Мой голос сорвался после непосильного напряжения и теперь неприятно хрипел.
— Да?
Я чувствовала, как медленно отрубаюсь, и это было единственным, что обнадеживало: хотелось хотя бы на время перестать чувствовать эту боль и безысходность. Хотя от кошмаров я вряд ли была застрахована, и что-то подсказывало мне, что теперь я еще очень и очень долго не смогу нормально спать…
Я заняла удобное положение, поджав колени к груди и уложив голову на локоть, покоящийся на бесстекольном окне.
— Спасибо… — еле слышно произнесла я, прикрывая тяжелые веки.
В воздухе вновь повисла тишина, нарушаемая лишь неспешным движением нашего пиратского внедорожника по неровной дороге…

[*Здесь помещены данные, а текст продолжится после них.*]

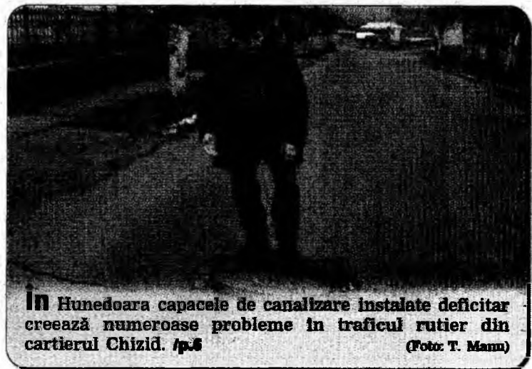
În Hunedoara capacele de canalizare instalate deficitar creează numeroase probleme în traficul rutier din cartierul Chizid. /p.6

niul Gazelor Naturale estimează că acest calendar va determina o creștere a prețurilor finale la consumatori cuprinsă între 8% și 12% pentru 2007, majorarea fiind influențată de evoluția prețului gazelor naturale din import. Calendarul de creștere a prețurilor propus de ARDGN are în vedere estimările actuale privind nivelul cererii interne și al producției de gaze naturale, evoluția ratei de schimb, a prețurilor la importul de gaze naturale și a tarifelor reglementate.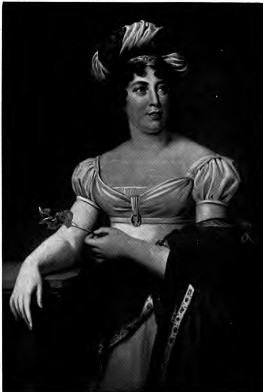
PORTRAIT DE MADAME DE STAEL d'après Girard.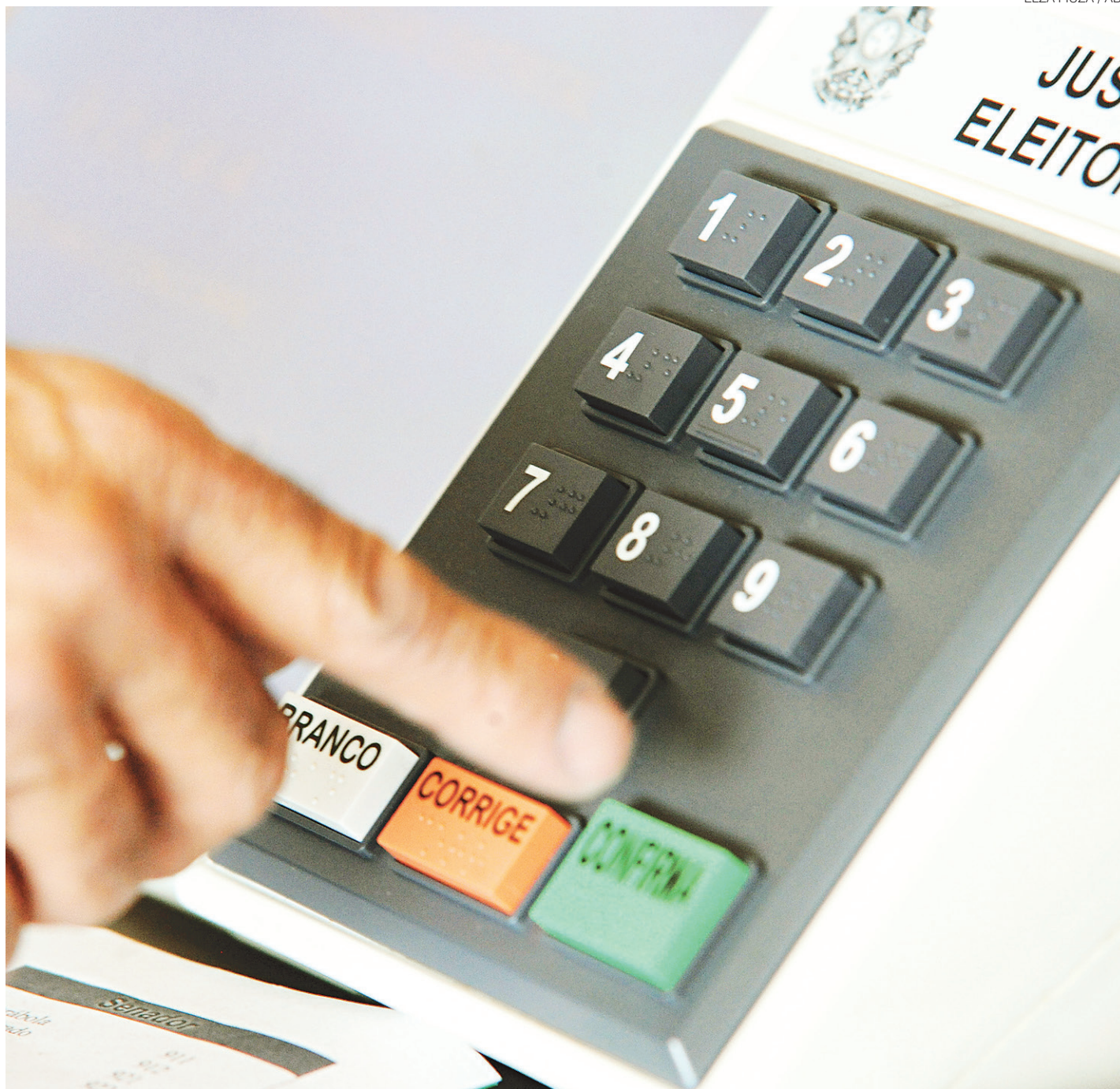
// Em 2000, o índice de abstenções nas eleições foi de 14,99% oscilou até 14,50% em 2012 e chegou ao maior percentual neste primeiro turno

"Quando as pessoas se abstêm, elas não precisam justificar. Se o TSE quiser avançar nessa questão deveria criar um pequeno formulário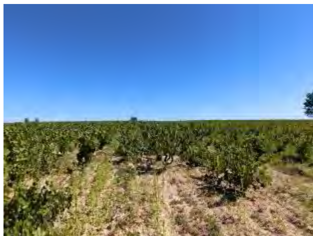
9月いっぱい快晴の予報！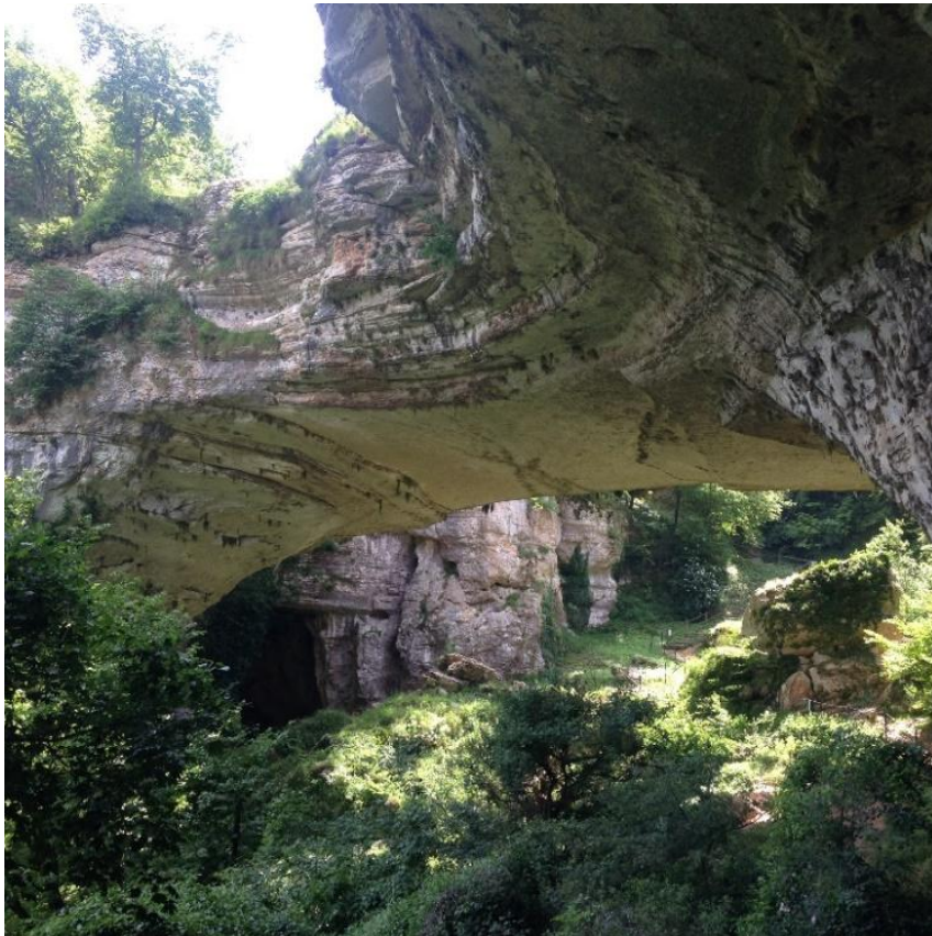
Abb 6.: Ponte di Veja und unteres Höhlengelände.

Mittels eines Fußmarsches gelangten wir zunächst auf dieses Überbleibsel des einstigen Höhlendaches, genossen die grandiose Aussicht und folgten dann unserer Führerin hinab in das unterhalb liegende, ebenso faszinierende Höhlengelände. Hier und in der weiteren Umgebung finden sich einige ehemals von Neandertalern und dem modernen Menschen bewohnte Höhlen, in welchen seit 1932 zahlreiche Ausgrabungen stattfanden. Dabei fanden sich neben Höhlenbärenknochen Steinartefakte aus dem Mousterien als auch Stein- und Knochenwerkzeuge aus dem Aurignacien und späten Gravettien, dem hier in Südeuropa sogenannten Epigravettien.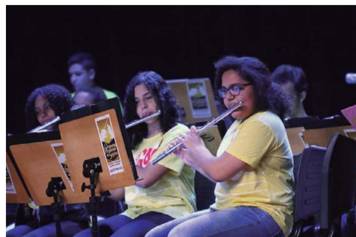
OPORTUNIDADE - Inscrições para o Projeto Guri estão abertas nos polos de Macatuba e Pederneiras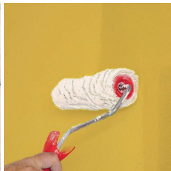
Obr.4 Provedení penetračního nátěru v 1 nebo více vrstvách.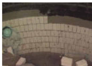
写真1 築炉作業 Situation of brick work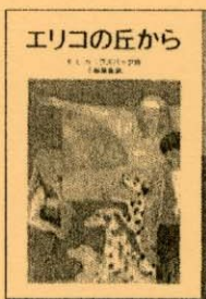
エリコの丘から 図書館に所蔵 しています！ 読んでみてね！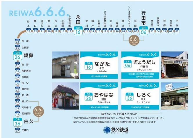
台紙裏面 イメージ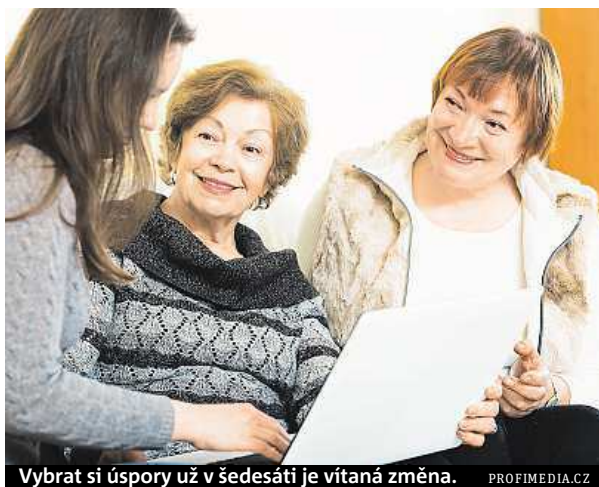
Vybrat si úspory už v šedesáti je vítaná změna.

Vítaná změna je také možnost vybrat si nasporené peníze už v 60 letech. Není tak nutné čekat na chvíli, kdy získáte nárok na výplatu státního důchodu. Navíc je možné si peníze nechat vyplácet jako penzi (musí to být aspoň na deset let), která je pak osvobozena od zdanění výnosů.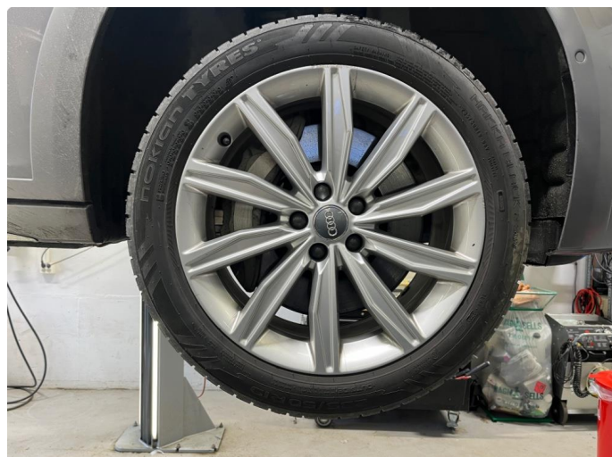
1.1 Kantkjørt felg.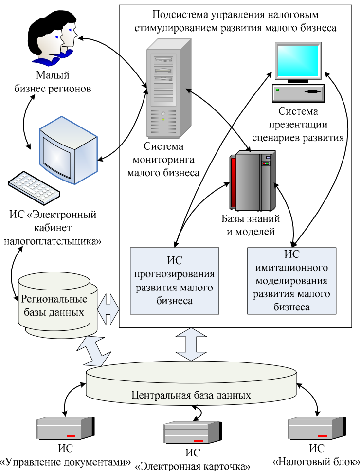
Рис. 3. Взаимодействие информационной системы управления налоговым стимулированием малого бизнеса с информационной средой ГФС

за пределы установленных интервалов создаются уведомления о необходимости проверки правильности реализации политики налогового стимулирования. В базе знаний и моделей содержатся правила обработки данных. База знаний представляет собой набор информации, охватывающей некоторую область знаний в структурированном виде, который пригоден для исполь- 216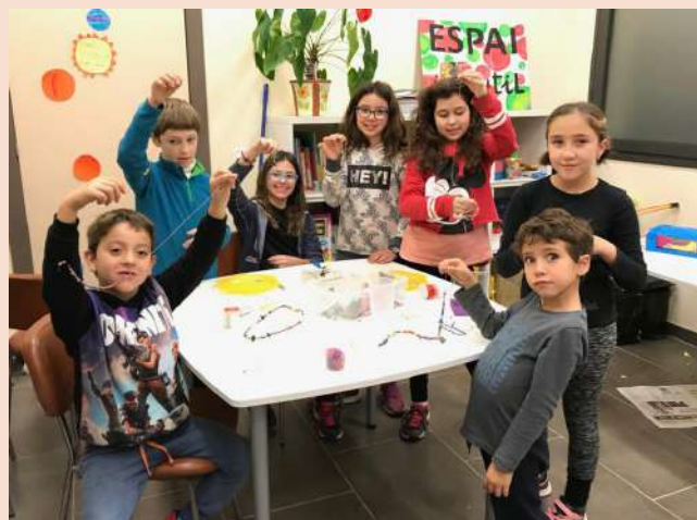
Tarda divertida dissenyant collarets i polseres personalitzades!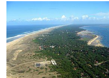
Cap Ferret à 50kms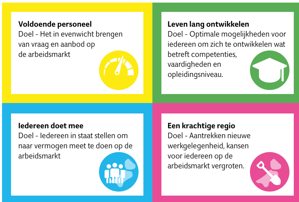
Strategische agenda Flevoland Werkt

Onder de noemer 'Flevoland Werkt!' wordt vanuit gemeenschappelijke vertrekpunten en een gedeeld gevoel van urgentie een strategische agenda met heldere doelen uitgevoerd om een brede bijdrage te leveren aan de realisatie van de inclusieve arbeidsmarkt in Flevoland. Een arbeidsmarkt waarin iedereen naar vermogen onbeperkt mee kan doen en niemand aan de kant staat. Alle inzet is vooral gericht op werkgevers en werknemers die gecoördineerde ondersteuning krijgen.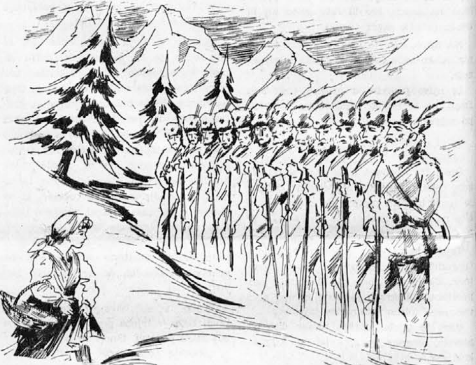
Kar hódi usá razjokana po gori, jo sreča dvanajst inaku ...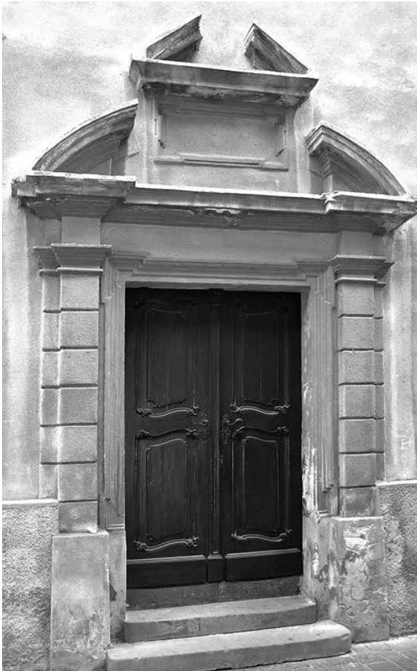
3. Kassa, egykori református templom déli kapuja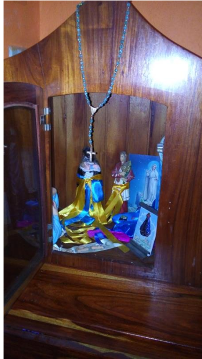
Figura 4: Altar presente no quarto que D. Rai faz seus atendimentos. Junho/2015.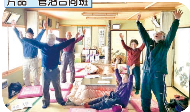
今回は笑いヨガ。笑うことで認知症を防げるのかな？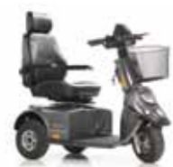
Mini Crosser M-Modell 3 Räder Seite 4

Die Erfahrung hat gezeigt, dass die Möglichkeiten in Bezug auf individuelle Anpassung und Flexibilität für sehr viele Benutzer von entscheidender Bedeutung sind, z. B. bei Rheuma, Muskelschwund, Sklerose, Rückenleiden etc. Oftmals werden nach einer gewissen Zeit ein anderes Gasregelsystem, ein größerer Sitz, zusätzliche Stützen, elektrische Zusatzfunktionen oder sonstiges Zubehör benötigt. Die Mini Crosser M-Serie ist in Kombination mit dem umfangreichen Zubehörprogramm äußerst zukunftssicher. Somit ist der Mini Crosser ein treuer Wegbegleiter, auch dann, wenn sich die Bedürfnisse ändern. Dadurch werden Neuinvestitionen vermieden und eine gute Wirtschaftlichkeit erreicht.

— Alles vir jou, * — было последним, что я услышала, прежде чем погрузиться во тьму.
***
В пиратском лагере почти никого не было: несколько патрулирующих вышки снайперов и бродящих по территории базы пулеметчиков. Очевидно, что основные силы главарь пиратов задействовал в целях оккупации храма, к которому, как однажды сказала мне Сара, он запрещал своим людям даже приближаться. Теперь же все изменилось: Ваас вернулся в то место, которое много лет назад служило ему домом, и сжег его до тла. Было ли это связано с желанием вернуть меня, или же я стала всего лишь тем самым предлогом, которого пират ждал столько лет, чтобы решиться окончательно разорвать связь со своим прошлым? Я не знала ответа на этот вопрос, но меня бы устроил любой его исход, только бы Ваасу стало от этого легче…
Внутри было тихо: колонки были вырублены, и привычных качающих битов больше не раздавалось. Пираты просиживали задницы за игрой в карты и распиванием дешевого пива, громко матерясь на всю округу. Когда мы с Бенжамином зашли на территорию лагеря, в его адрес тут же послышались приветливый свист и аплодисменты: еще бы, Бенжамин был вторым человеком после Монтенегро, но, в отличие от главаря, его не так боялись. Пират еле заметно улыбнулся уголком губ, махнув всем присутствующим рукой.
— Эй, Бен! — послышался грубоватый мужской голос приближающегося к нам пирата.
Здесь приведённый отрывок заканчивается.